Times of loss, however, do shape us. It may be loss of something we loved, someone special, loss of a situation or loss of a dream, it shatters our security and leaves us with a mark of vulnerability. We then chose what to do with this mark, how it will influence us going forward. Sometimes this scar can seem overwhelming, there have been moments, thankfully fleeting, when living to endure more scars has seemed beyond my ability. Some marks scratch us so deep they light a fire, bestow upon us a gift, unwelcome but heavy with blessing. While some marks we bury, cover over and deny their existence, others we parade as badges of honour, magnets for sympathy, over shouted excuses. Time fades them all, lets our true selves develop and grow, we can’t be stopped, our shoots and leaves will break even the most robust concrete lid.

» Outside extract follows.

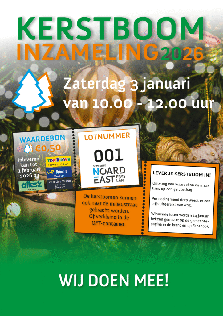 De trekking vindt plaats op 8 januari en de winnende loten worden op woensdag 14 januari bekend gemaakt op de gemeentepagina in de regionale kranten. De prijsuitreiking vindt plaats op woensdag 28 januari 2026 om 16:00 uur in de kantine van gemeentehuis Dokkum door betrokken wethouder Hanneke Jouta.

Who I am today is not who I was 8 years ago, 3 years ago, or even the blurry eyed new mother of one year ago. Who I am today is marked deeply by those times but not defined by them. My past roadmap is written on my heart, etched into my wrinkles and breathed into my blood – to deny it is to deny myself. Equally to live as if the journey is over, the map complete, is to deny the Kate of tomorrow, of next year, the Kate that will read this with wiser eyes a decade from now.

This time of year has always been a bit awkward for me – and in a sort of backwards way I’m glad. I’m glad I can still feel the lump in the throat, the wind that tugs towards the vacuum, the whisper of numbness, because it clarifies the laughter of my son, the love of my husband, the ever present need for something greater than I and the security of my odd little life.